» **EXERCISE MATERIALS**
-=-=-=-=-

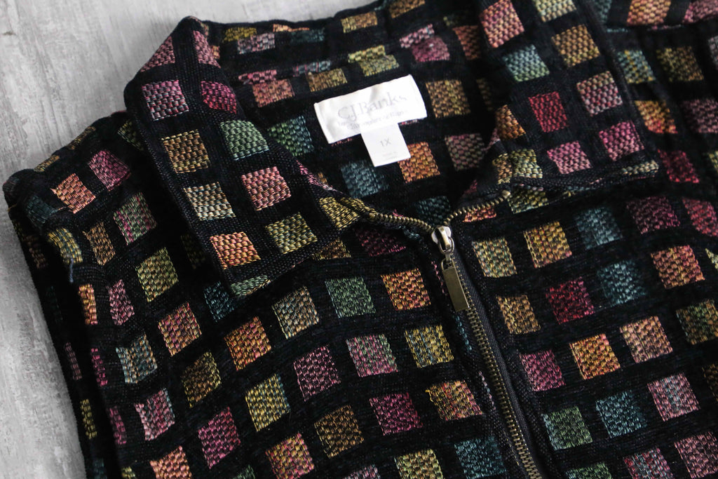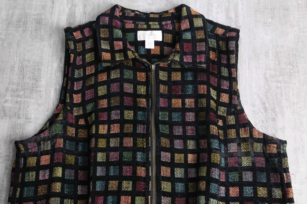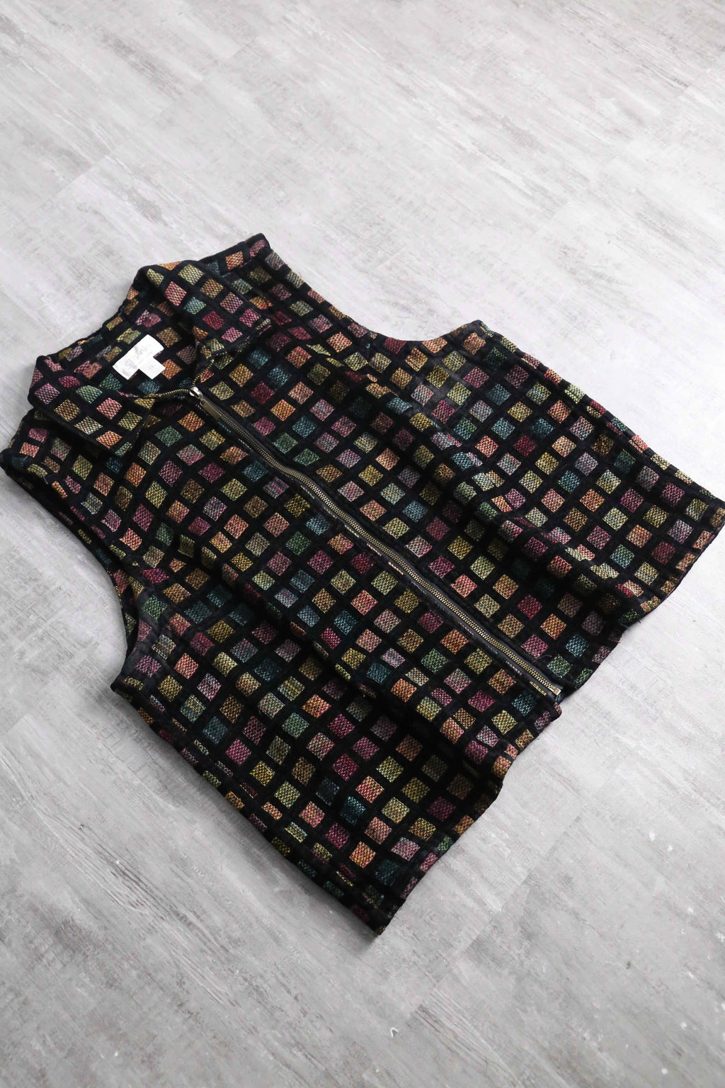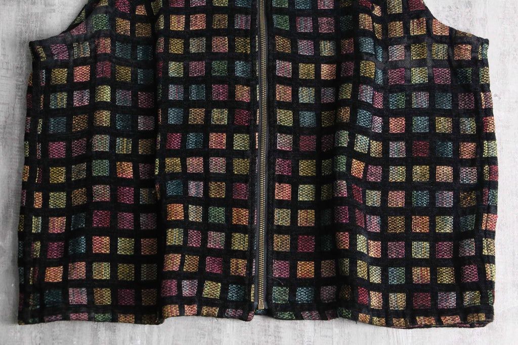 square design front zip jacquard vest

-=-=-=-=-

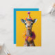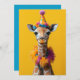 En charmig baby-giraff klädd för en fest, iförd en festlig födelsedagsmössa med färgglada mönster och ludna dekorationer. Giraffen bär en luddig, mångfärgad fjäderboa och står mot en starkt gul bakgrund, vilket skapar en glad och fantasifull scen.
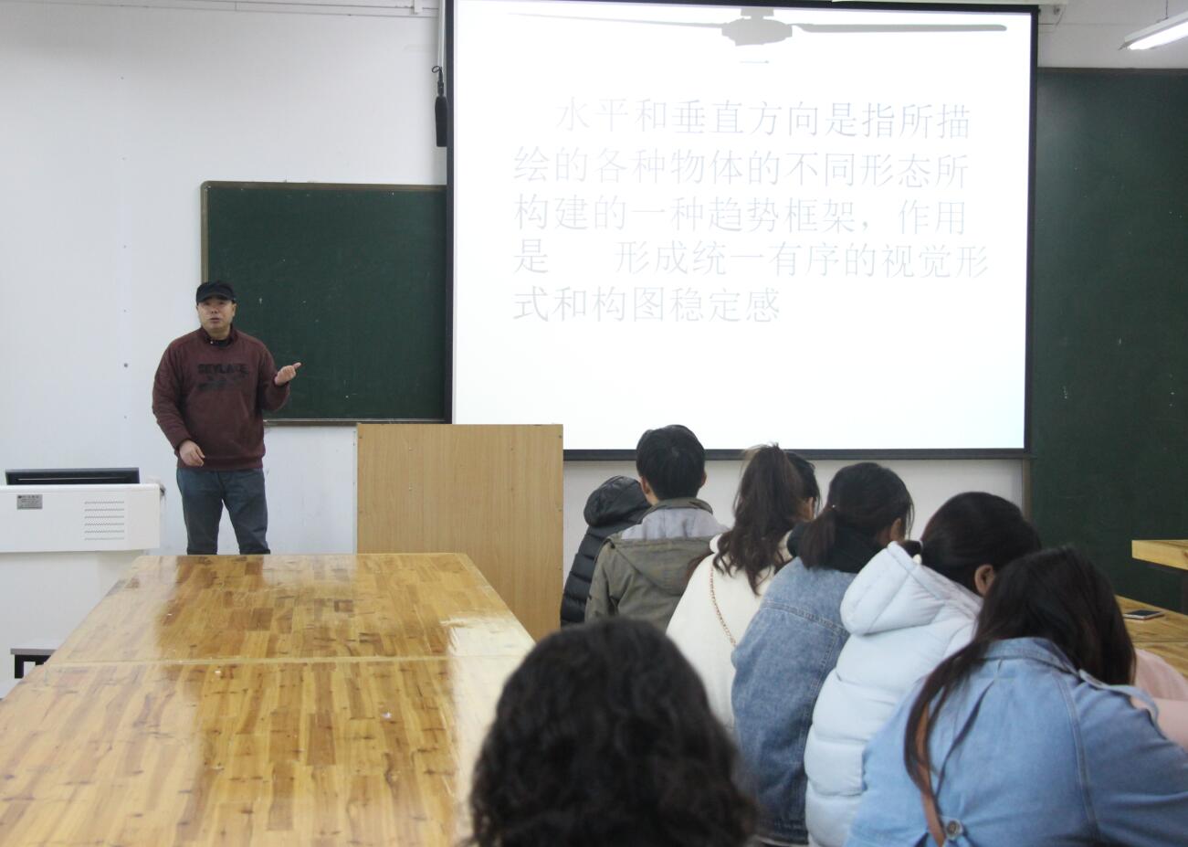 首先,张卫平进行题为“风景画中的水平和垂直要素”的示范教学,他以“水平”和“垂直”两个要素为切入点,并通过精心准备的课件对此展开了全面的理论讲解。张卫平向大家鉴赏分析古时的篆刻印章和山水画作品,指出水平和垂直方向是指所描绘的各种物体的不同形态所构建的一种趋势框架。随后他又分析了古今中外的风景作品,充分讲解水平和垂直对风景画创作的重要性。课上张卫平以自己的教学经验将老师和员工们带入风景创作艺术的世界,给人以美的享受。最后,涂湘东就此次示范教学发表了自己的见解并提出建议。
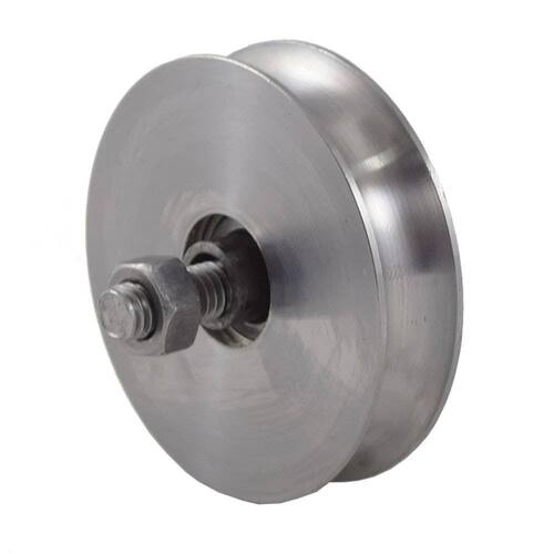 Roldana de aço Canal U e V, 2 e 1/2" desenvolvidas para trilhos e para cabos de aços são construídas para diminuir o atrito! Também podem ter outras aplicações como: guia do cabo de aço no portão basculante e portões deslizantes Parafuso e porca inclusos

-=-=-=-=-

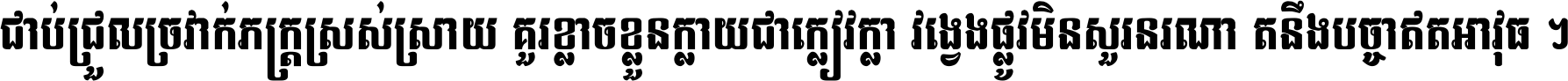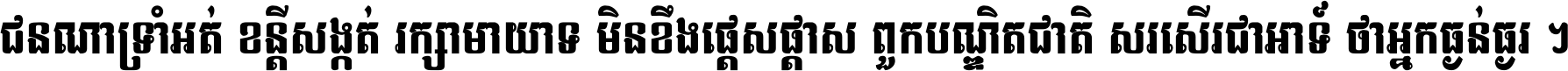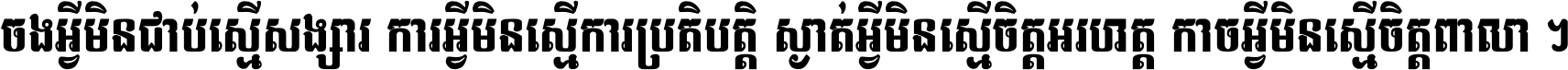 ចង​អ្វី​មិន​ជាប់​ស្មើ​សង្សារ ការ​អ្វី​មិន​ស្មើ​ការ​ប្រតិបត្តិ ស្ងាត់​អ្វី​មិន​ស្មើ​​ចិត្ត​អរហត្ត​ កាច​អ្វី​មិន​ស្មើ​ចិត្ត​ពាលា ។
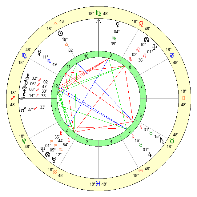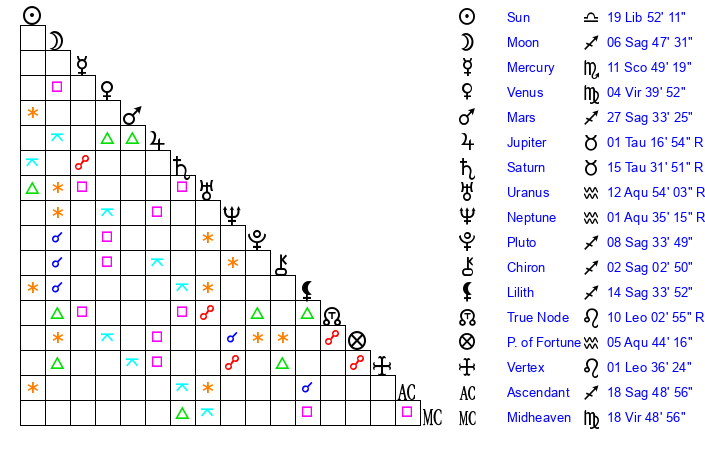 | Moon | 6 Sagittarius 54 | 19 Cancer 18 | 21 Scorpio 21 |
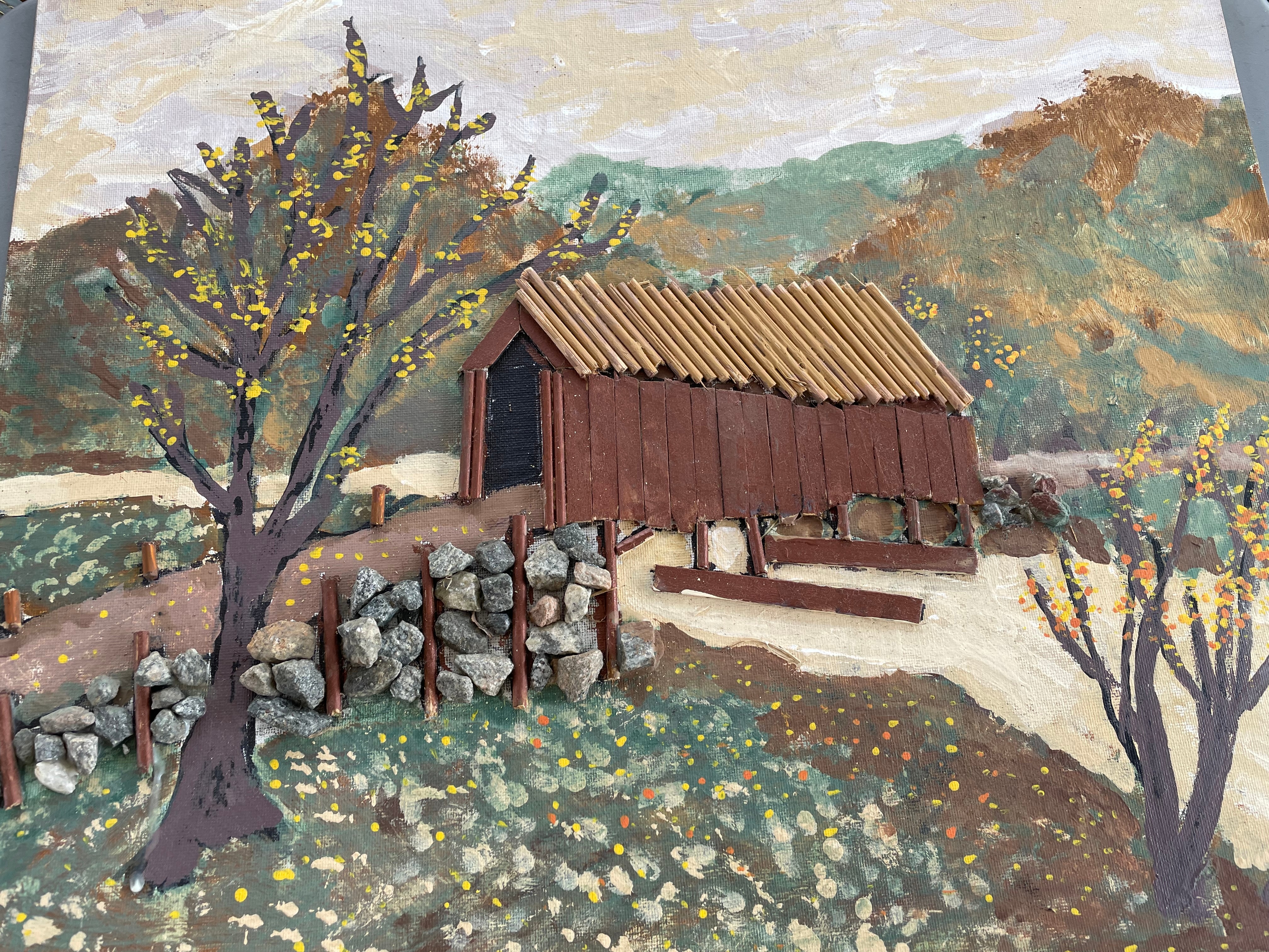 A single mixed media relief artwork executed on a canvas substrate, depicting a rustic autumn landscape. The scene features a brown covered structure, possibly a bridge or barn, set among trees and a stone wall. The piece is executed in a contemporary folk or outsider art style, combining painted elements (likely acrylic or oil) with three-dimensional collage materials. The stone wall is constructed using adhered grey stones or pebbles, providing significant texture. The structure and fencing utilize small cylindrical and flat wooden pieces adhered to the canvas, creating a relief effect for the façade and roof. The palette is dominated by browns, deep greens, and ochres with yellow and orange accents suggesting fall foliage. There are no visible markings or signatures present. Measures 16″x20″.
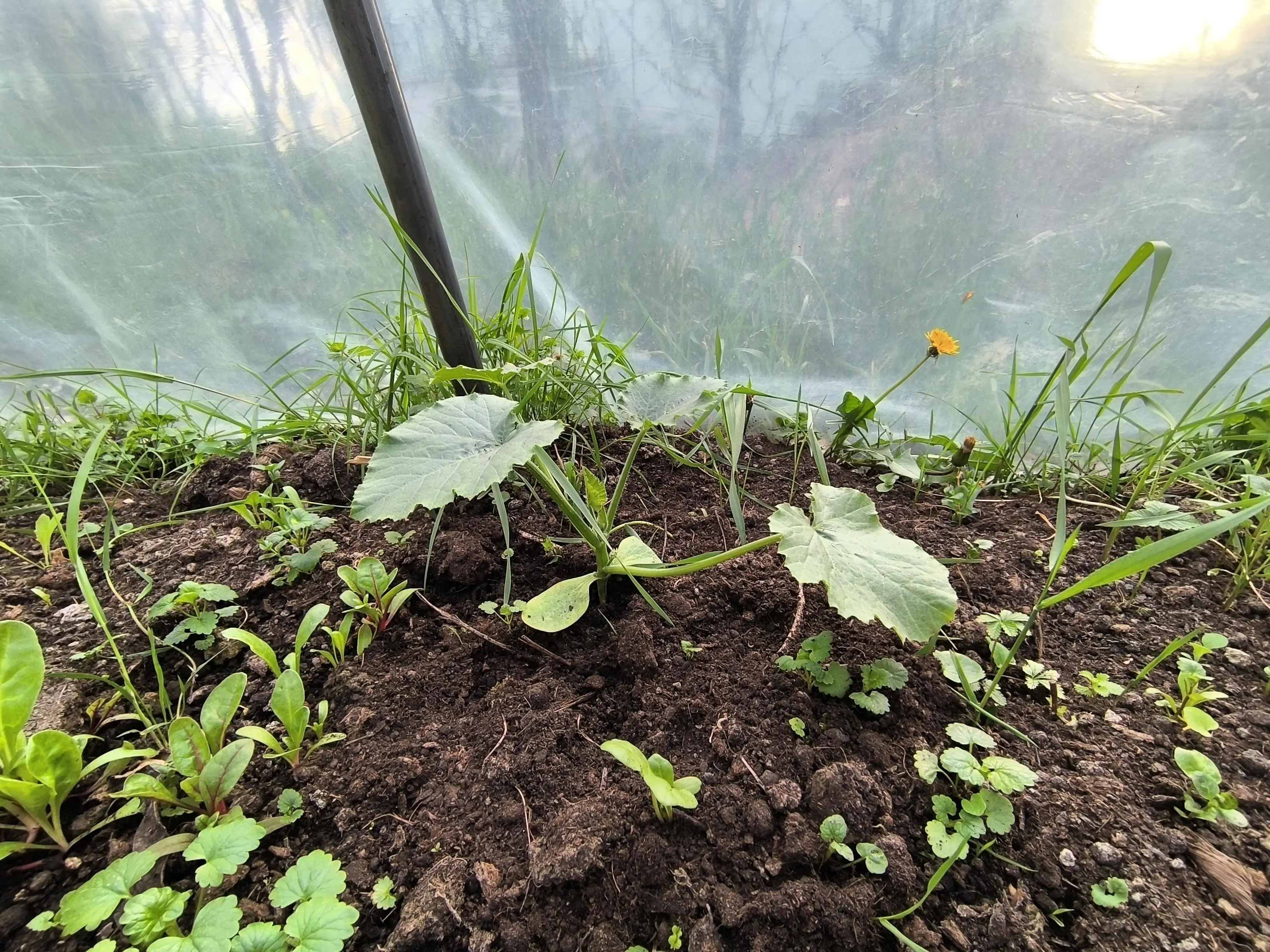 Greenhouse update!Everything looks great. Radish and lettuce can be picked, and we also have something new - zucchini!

-=-=-=-=-

» **HOW TO COMPLETE THIS TASK**
Starting at the line above that holds "A single mixed", return each line up to and including the one that holds "Greenhouse update!Everything looks", exactly as written, minus any pictures.

» **SOLUTION FOR THIS TASK**
 A single mixed media relief artwork executed on a canvas substrate, depicting a rustic autumn landscape. The scene features a brown covered structure, possibly a bridge or barn, set among trees and a stone wall. The piece is executed in a contemporary folk or outsider art style, combining painted elements (likely acrylic or oil) with three-dimensional collage materials. The stone wall is constructed using adhered grey stones or pebbles, providing significant texture. The structure and fencing utilize small cylindrical and flat wooden pieces adhered to the canvas, creating a relief effect for the façade and roof. The palette is dominated by browns, deep greens, and ochres with yellow and orange accents suggesting fall foliage. There are no visible markings or signatures present. Measures 16″x20″.
 Greenhouse update!Everything looks great. Radish and lettuce can be picked, and we also have something new - zucchini!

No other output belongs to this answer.